Andie snips the thread with teeth clenched. 

 

Blane’s living room smells of stale popcorn and neglected dreams. He’s sprawled on the corduroy couch in ratty sweatpants when Steff arrives unexpectedly at 7 PM. Steff’s wearing a midnight-blue Armani suit, hair slicked back, smelling of expensive cologne—as if he’d stepped off a GQ shoot onto Blane’s mustard-yellow shag carpet.

 

"Here to mock me?" Blane rasps, gesturing at his own dishevelment. "For getting tossed by the trash?"

 

Steff tosses him a silver flask. "Thought you needed distraction." He slots a VHS tape—Slaughter High: Revenge Runs Deep—into the player.
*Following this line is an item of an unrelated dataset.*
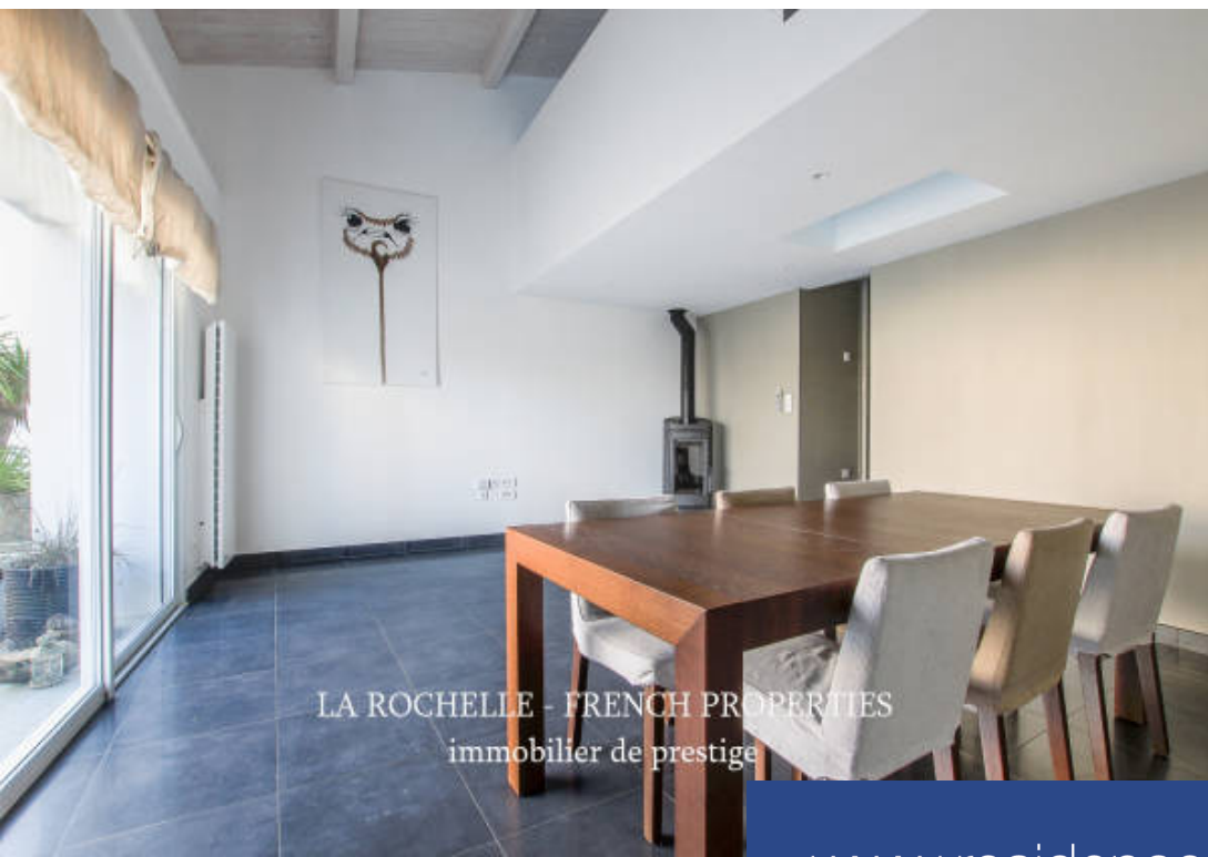
LA ROCHELLE - FRENCH PROPERTIES immobilier de prestige

They sit in silence as grainy static floods the TV. The first kill comes fast: a buxom blonde impaled on a chemistry beaker.

 

Steff points lazily. "Kate."

 

Blane nods, unscrewing the flask.

 

Next victim: a bespectacled boy electrocuted in a bathtub. "Duckie," Steff announces.

 

Blane swallows cheap bourbon. "Smart girl?"

 

"Andie." Steff’s tongue flicks over his teeth. "The jock getting chainsawed? Benny."

 

Blane leans forward. "So… Joe Shmo and the gay guy left?" He smirks, ready to launch into Steff’s usual brand of cruelty.

 

"I’m Rick," Steff says flatly.

 

Blane chokes. Rick was the theater kid—flamboyant, knife-dodging—who’d flirted with the killer. "B-but that’s the gay dude." Blane fumbles. "You got... are you—"

 

"Coming out?" Steff takes the flask back. Sips. "Yeah. Don’t let it stroll ‘round school."

 

Blane stares at Steff’s sharp jawline, the suit that costs more than his dad’s car. "Why’re you dressed for prom," he deflects, "if all we’re doing is this cheap date?"

 

Steff’s eyes flash—a predator momentarily blinded by headlights—but neither corrects the phrasing. Blane grabs the flask again. On screen, Benny’s chainsawed counterpart screams into crimson static. Steff settles deeper into the couch, their elbows brushing as Rick dances nervously across the carnage.